Veterans cemetery in Lebanon County, Pennsylvania

Indiantown Gap National Cemetery is a United States National Cemetery located in East Hanover Township, in Lebanon County, Pennsylvania. Administered by the United States Department of Veterans Affairs, it occupies approximately 677 acre, and has over 60,000 interments, as of 2021.

== History ==
Indiantown Gap derives its name from the various Native American communities that populated the region. Starting in the 1930s, it became a training area for the United States Army and control of the facility was turned over to the Pennsylvania National Guard in 1998.
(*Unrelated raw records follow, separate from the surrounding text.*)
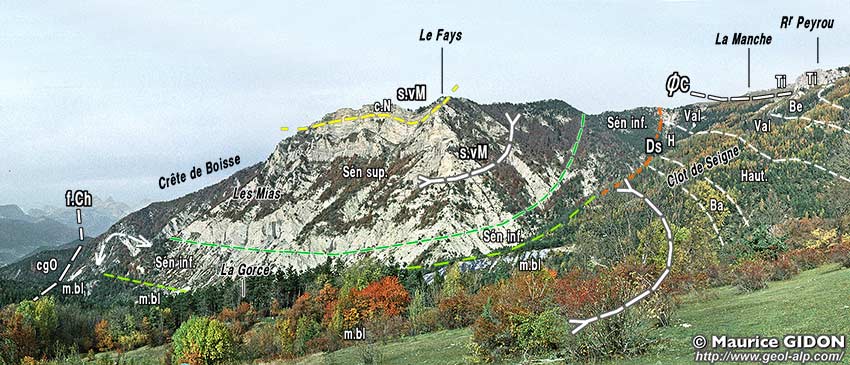 On y voit se succéder tous les termes antérieurs aux marnes bleues, jusqu'au Berriasien inclus. Mais le Tithonique de ce flanc du pli n'est représenté que par quelques pointements isolés, dont le plus important et le plus septentrional est le rocher du Peyron. Cela semble dû pour une part à un laminage tectonique sous le chevauchement de Céüse, mais cela résulte apparemment aussi d'un amincissement stratigraphique, allant jusqu'à une lacune locale de ce niveau ; ceci est notamment observable sur la route forestière au nord du col des Guérins en contrebas des ruines de l'ancien hameau du Désert : cette lacune est comparableà celle connue plus au nord-ouest, dans la basse vallée du Drouzet, à Côte-Mare, et a sans doute une origine analogue, par érosion sous-marine. |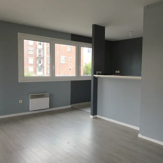 Rue de la Concorde à la Madeleine, je suis un appartement T2 non meublé de 33M² au 1er étage comprenant une entrée, un séjour avec placard, une cuisine séparée, une grande chambre avec placard, une salle de bains avec toilettes. Double vitrage. Libre de suite.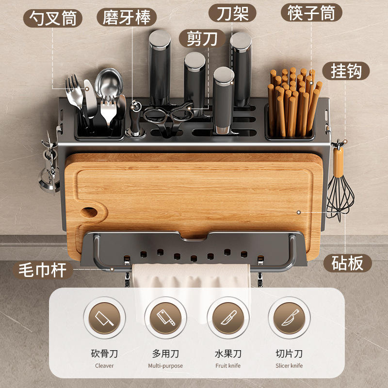 Support mural multifonctionnel en acier inoxydable pour couteaux, hachettes, baguettes et cuillères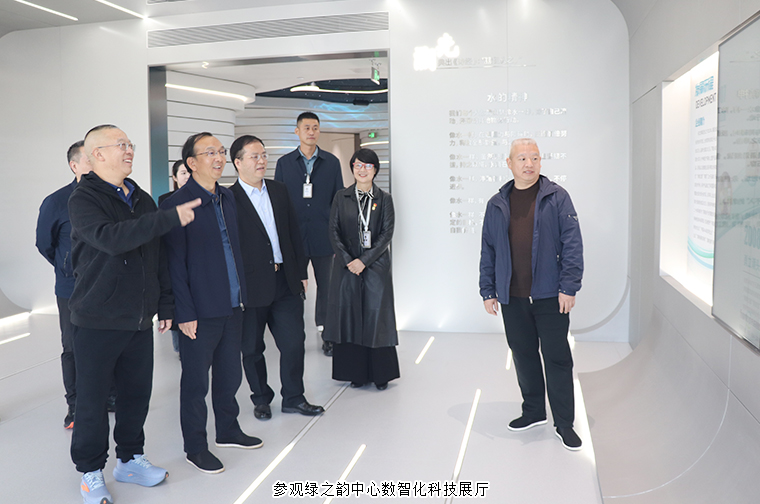 調(diào)研組隨后參觀了綠之韻中心數(shù)智化科技展廳。展廳以“水之道”為企業(yè)文化內(nèi)核,融合東方哲學(xué)與數(shù)字技術(shù),通過數(shù)字化互動技術(shù)和智慧展陳手段,立體呈現(xiàn)了綠之韻集團的企業(yè)文化、發(fā)展歷程、黨建公益、產(chǎn)品理念、科研實力及戰(zhàn)略愿景。胡國安董事長向調(diào)研組介紹了企業(yè)在產(chǎn)品研發(fā)與產(chǎn)業(yè)拓展方面的創(chuàng)新實踐,展現(xiàn)了綠之韻在大健康領(lǐng)域的持續(xù)探索與成果。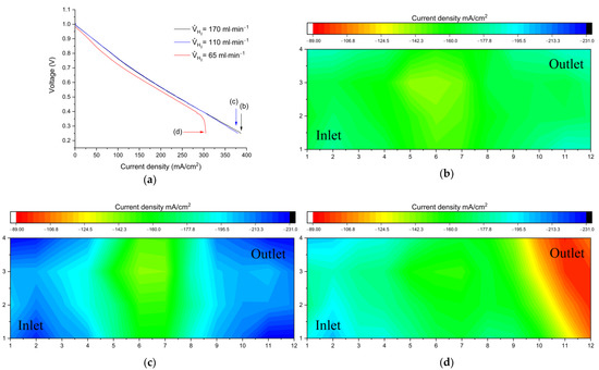 (a) Polarization curves (discharge) for different anolyte flow rates and corresponding current distributions at limiting conditions for (b) VH2 = 170 mL min−1, (c) VH2 = 110 mL min−1, and (d) VH2 = 65 mL min−1. The supply of Br2 solution was fixed to VBr2 = 30 mL min−1.

In 1976, a section of Fort Indiantown Gap Military Reservation was selected as the national cemetery for the states of Delaware, Maryland, New Jersey, Virginia and West Virginia. The Commonwealth of Pennsylvania donated land for the site to the US Veterans Administration (now known as the United States Department of Veterans Affairs), specifically the branch of the VA known as the National Cemetery Administration (NCA).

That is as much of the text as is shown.